§ **Your objective**:
Write the listing below out again word for word, without a single picture.

---------- Dataset extract

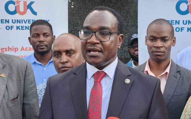 Education CS Julius Ogamba addresses the press in Naivasha on June 6, 2025. [Antony Gitonga, Standard]
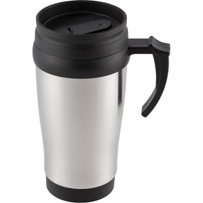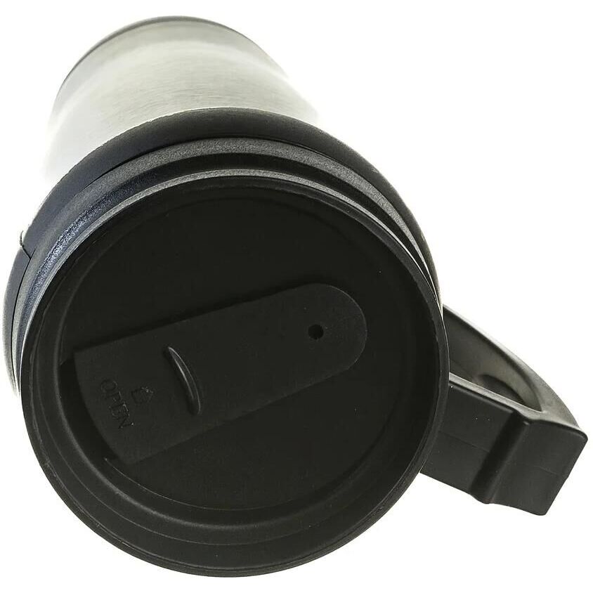 Объём: 420 мл. Размер: 17*8 см диам горлышка: 7,2 см Материал: нержавеющая сталь SS201, внутри- пластиковая колба, крышка — пластик (полипропилен). Удобная крышка позволяет пить во время ходьбы, езды в автомобиле и т.д. Не рекомендуется переворачивать кружку крышкой вниз, т.к. возможно вытекание жидкости через отверстие выхода пара и клапан крышки)
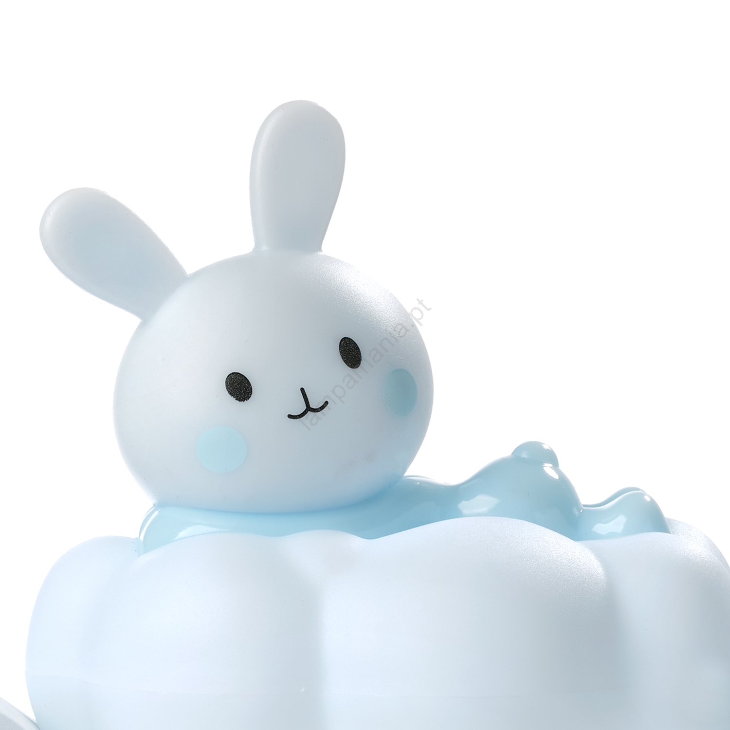 • La Nuvolina Celeste Bunny é uma adorável luz noturna em forma de coelhinho azul sentado numa nuvenzinha branca.

--------------------

§ **Your solution**:
 Education CS Julius Ogamba addresses the press in Naivasha on June 6, 2025. [Antony Gitonga, Standard]
 Объём: 420 мл. Размер: 17*8 см диам горлышка: 7,2 см Материал: нержавеющая сталь SS201, внутри- пластиковая колба, крышка — пластик (полипропилен). Удобная крышка позволяет пить во время ходьбы, езды в автомобиле и т.д. Не рекомендуется переворачивать кружку крышкой вниз, т.к. возможно вытекание жидкости через отверстие выхода пара и клапан крышки)
 • La Nuvolina Celeste Bunny é uma adorável luz noturna em forma de coelhinho azul sentado numa nuvenzinha branca.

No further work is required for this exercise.